Nucor: Steel Is Beating The S&P 500, And You Don’t Know It

Metal worker using a grinder

Phynart Studio

Investment Thesis

Nucor (NYSE:NUE) is a boring steel company. And for all its boring appeal, its performance is on fire compared with the rest of the S&P 500 (SPY).

That being said, past performance isn’t indicative of future returns. And Nucor isn’t even the best performer in the steel sector these past few months.

And what I believe is crucial to understand about Nucor is this. It did have a sizzling 2022. And its free cash flows will probably reach +$7 billion in 2022.

Furthermore, nobody expects anything even close to this figure in 2023. However, this is my core argument. Steel isn’t going away after 2022. If anything, steel demand is going to go up and global supply is going to be restricted.

There’s a lot to be excited about being a value investor. Let’s get to it.

Something is Happening With Steel

The graphic that follows doesn’t require much interpretation.

Chart
Data by YCharts

I’ve selected a few names within the steel industry. And you can see that all names selected in the past three months have beaten the S&P 500. I’ve not gone through and cherry-picked any names.

What I have done is selected the names that have one key advantage. These companies are predominantly US-based steel companies. And you may say, so what?

You see, these companies have a moat around them. And a moat in a way that isn’t immediately obvious. Allow me to describe both the demand side and the supply side.

The Green Agenda is Going to See Huge Demand for Steel Products

In the first case, I’ll tackle the demand side of the equation.

Around the developed world, there’s a huge demand for cheap, reliable, green energy sources. One green energy renewable source is offshore windmills. Another is the stainless steel for solar panels. Both of these are going to require an unimaginable amount of steel.

Here’s a quote from ArcelorMittal (MT) CEO Johannes De Schrijver:

Steel is required by each of these markets. Without steel, none of the renewable energy sources would be possible. Every renewable energy structure – a wind turbine, a solar panel – requires steel.

For the world to move on the green agenda, it will have to first massively ramp up its steel usage, to build the needed infrastructure to support the green transition.

NUE presentation

NUE presentation

If the world is serious about going green and starts to seriously consider offshore wind as a viable alternative to burning natural gas, we can expect a large increase in the use of steel.

For instance, an increase in offshore wind, which uses 250 tons of steel per megawatt versus the current baseload of 15 tons per megawatt used with natural gas.

One way or another, the demand for steel isn’t going anywhere but up.

What about the re-shoring of the manufacturing of the semi-industry?

NUE presentation

NUE presentation

If the US is serious about reducing its dependence on China and re-shoring its multi-billion semiconductor factoring in the US, we can just see in the graphic above how much steel demand is going to be needed.

Next, we’ll discuss the supply side.

But What About This Moat You Mention?

Here’s the real kicker to this whole story.

At the same time as demand for steel is going to be trickling higher over the next several years, countries that normally manufacture steel are facing an insurmountable problem.

Here’s my point, steel is extremely energy intensive. And if energy outside the US costs around 5x more than the US, that means that US-based steel manufacturers can be profitable at significantly lower steel prices than their overseas competitors.
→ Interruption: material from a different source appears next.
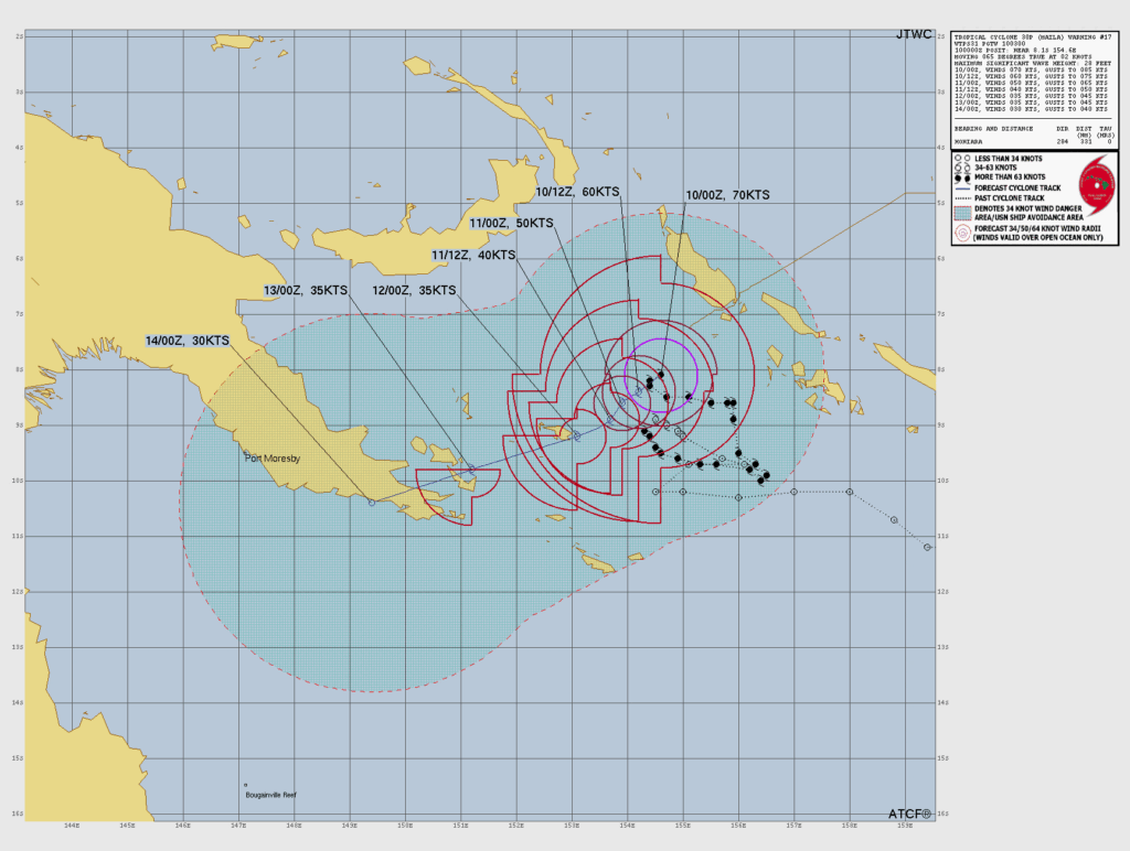 Maila, as you can see from the chart, has been wobbling around the center of the Solomon Sea for several days, and is only now beginning to move in a more-or-less normal path for a southern hemisphere cyclone. It is not particularly strange that the storm has formed at this time of the year, because it is in the southern hemisphere, but it is somewhat unusual that it formed where it did. And extremely unusual for behaving in such a spastic fashion.

So, not only is demand going to go up. But also, supply will be limited, because the input feedstock to make steel can end up higher than the actual end product.

But What About China?

I’ll admit that this is an unknown for me.

On the one hand, the Chinese government has moved to support real estate groups. As a reminder, China’s real estate sector is the biggest importer of steel.

And for the bulk of 2022, not only has China’s real estate market been in a slump, but with China’s COVID restrictions, it was a double whammy on the steel industry.

Trading Economics

Trading Economics

On the other hand, I’m inclined to believe that since China ”notified” that it would send a $35 billion stimulus package to its slumping real estate sector, the steel price on the spot market appears to have found a floor.

As you can see above, steel prices have moved higher in the past several weeks. And the market is always attempting to move six months quicker than where we are now.

Something to think about. Something positive. How positive, that’s another question altogether. But overall, I’m confident you’ll agree, it’s positive.

The Bottom Line

NUE is cheaply valued. And if steel prices remain stable in 2023, this stock is poised to do well in the coming 12 months. By my estimates, NUE is priced around 7x next year’s free cash flow. For this figure, I’ve assumed that free cash flow in 2023 gets cut by 60% relative to 2022. I’ve done this to leave myself a large margin of error.

This is how I think about it. Outside of cyclical commodities, the rest of the market, particularly in tech, continues to be priced as if we’ll have a shallow recession. While in commodities, the worst is priced in.

Whenever everyone agrees on the worst outcome, that insight is typically already reflected in the stock.